October 25, 2020

Tens of thousands of Germans celebrate the blockade of logging in a millenary forest

Tens of thousands of Germans celebrate the blockade of logging in a millenary forest



Tens of thousands of people gathered today in Hambach (western Germany) to celebrate the stoppage, by judicial decision, of logging in an adjacent millennial forest where the RWE electric company intends to expand an open pit coal mine.

"It is by far the largest demonstration the Rhenish mining account has seen," said Dirk Jansen, manager of the Environmental Protection and Environmental Protection League (BUND) in the state of North Rhine-Westphalia. forest.

The organizers spoke of some 50,000 protesters, while the police avoided giving an estimate of participation.

The rally – half a protest demonstration, half a festive act – proceeded in an absolutely peaceful manner between the last hour of the morning and the first of the afternoon.

Michael Müller, president of the NGO NuturFreunde, said that the demonstration aims much more than the preservation of the Hambach forest: "It's about whether or not we can avoid the ecological self-destruction of humanity. , but also that of oil and gas. "

The demonstration was temporarily forbidden, after the police decided not to allow it, considering that it could not guarantee the security of such a concentration, but the Aquisgrán Contentious-Administrative Court agreed with the environmentalists.

In parallel, the High Court of Administrative Litigation of Münster decided on Friday to stop logging the forest until the result of the complaint filed by the League for the Protection of Nature and the Environment (BUND in its acronym in German) against the RWE plan, which has been opposed by environmental movements in a frontal manner.

The battle against the cutting of the Hambach forest, about 12,000 years old, has been underway for more than six years, since in 2012 groups of activists occupied the forest area to prevent its destruction.

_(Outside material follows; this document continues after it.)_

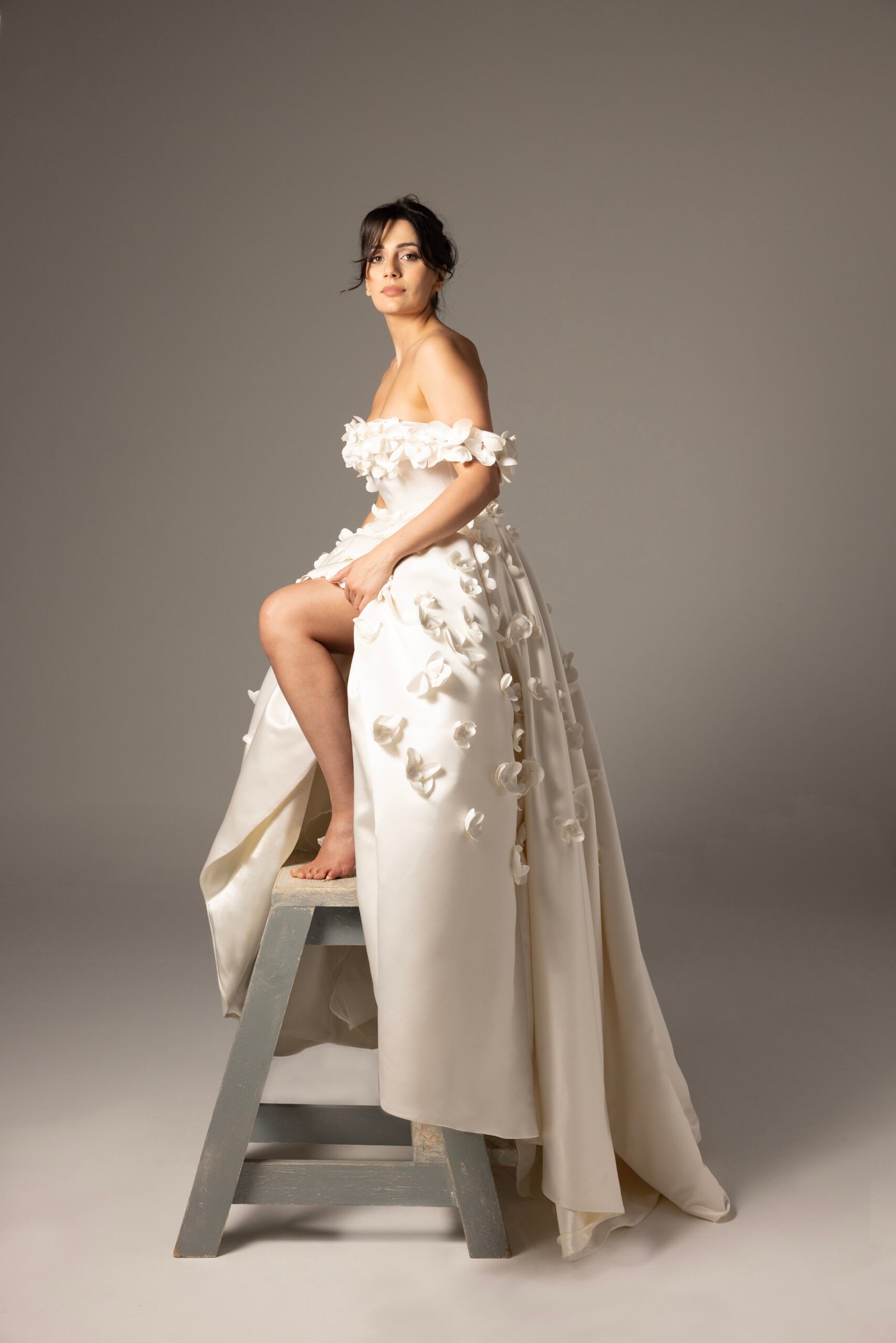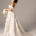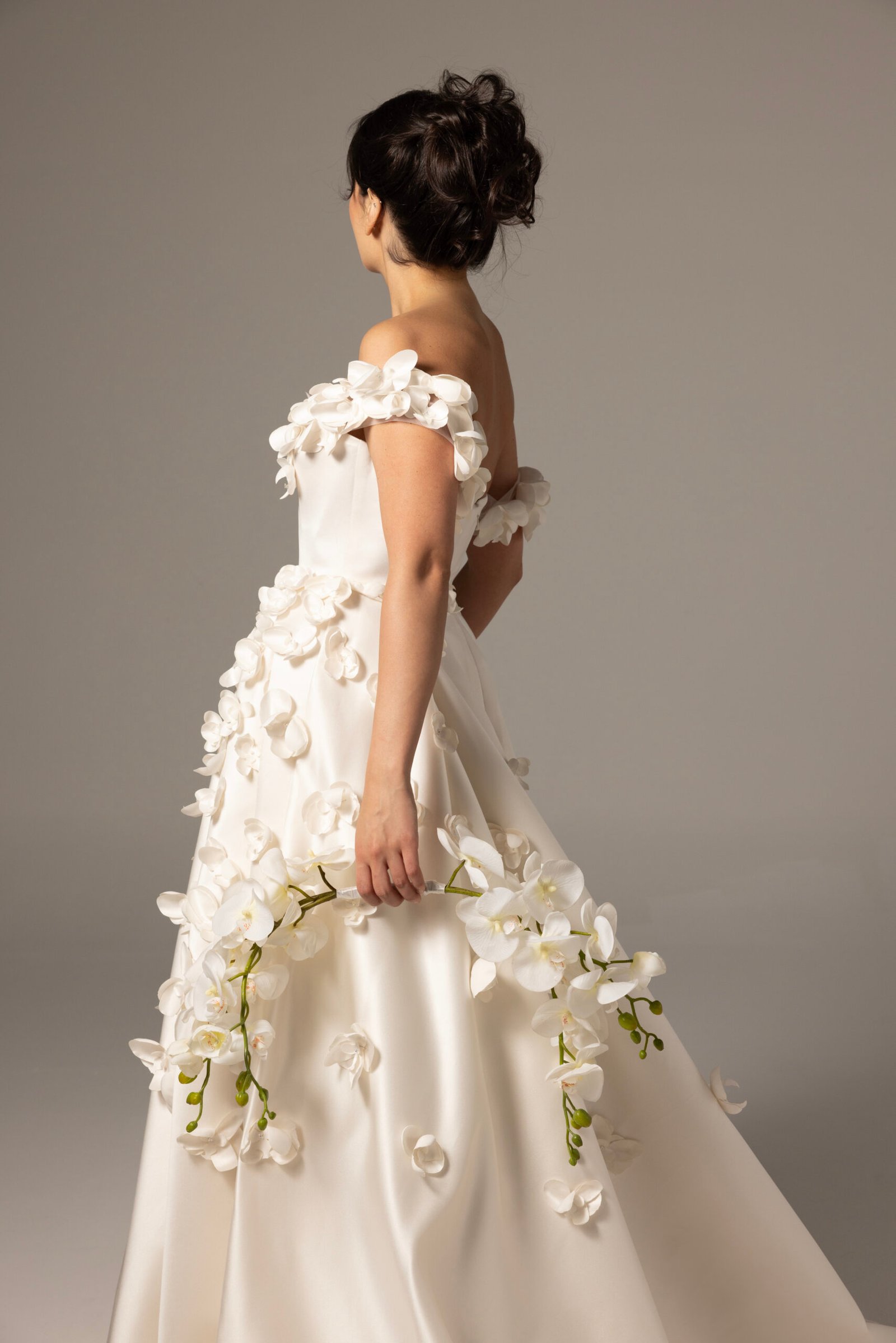 This gown made from satin duchess with handmade 3D orchid flowers, complemented by a skirt that exudes elegance and romance.

RWE recently won the support of local authorities to extend its nearby open-pit coal mine on one hundred hectares and police began a few weeks ago to evict the activists who had settled in the forest in dozens of houses hanging in the tops of the trees

The eviction met with great resistance from activists and residents of the area, who began to demonstrate in the vicinity.

The Hambach forests covered 85 square kilometers until the 1980s, but half have already been cut by RWE, which estimates there are still 2,500 million tons of lignite to be extracted.